Leander le regarda bien en face.

— Ne me force pas à te faire sortir, menaça-t-il. Tu es peut-être l’espion en chef de notre père mais, de nous deux, je reste le plus dangereux, crois-moi. Je te déconseille de l’oublier.

Lev vacilla. Il hésita puis, estimant probablement qu’il serait de mauvais goût de se battre avec son petit-frère alors qu’ils avaient tous deux atteint l’âge adulte, il haussa les épaules et se dirigea vers la sortie. Freha le suivit, mais marqua un arrêt devant la porte. Elle observa son maître s’éloigner d’un pas furieux et, lorsqu’il tourna au coin d’un couloir, elle se tourna à demi vers Leander.

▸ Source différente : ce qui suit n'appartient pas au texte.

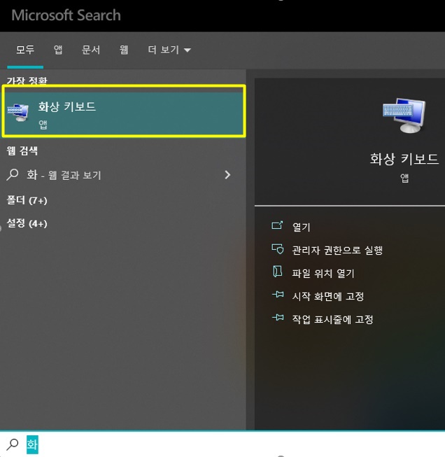 윈도우10 가상 키보드 화상 키보드 사용방법

— Ta lettre, dit-elle. Je vais le faire.

Leander la dévisagea avec intensité. Quelle était donc cette nouvelle sournoiserie ?

— Lev l’a interdit. Et c’est ton maître, lui rappela-t-il.

— Je suis son apprentie, pas son chien, répliqua-t-elle en haussant les épaules. Contrairement à lui, je crois que tu ne feras rien pour nuire à ton père. Et, de toute façon, il n’en saura rien. C’est lui qui m’envoie en mission dans le sud, et il n’a pas spécifié ce que je devais mettre dans mes bagages. A toi de voir à quel point cette lettre est importante pour toi. Je pars pour Lamelawk dans trois heures. Ton pli a intérêt à être prêt à ce moment là parce que je ne t’attendrai pas.

Elle lui adressa un nouveau clin d’œil puis disparut à son tour. Leander n’hésita que quelques secondes avant de se précipiter vers son secrétaire.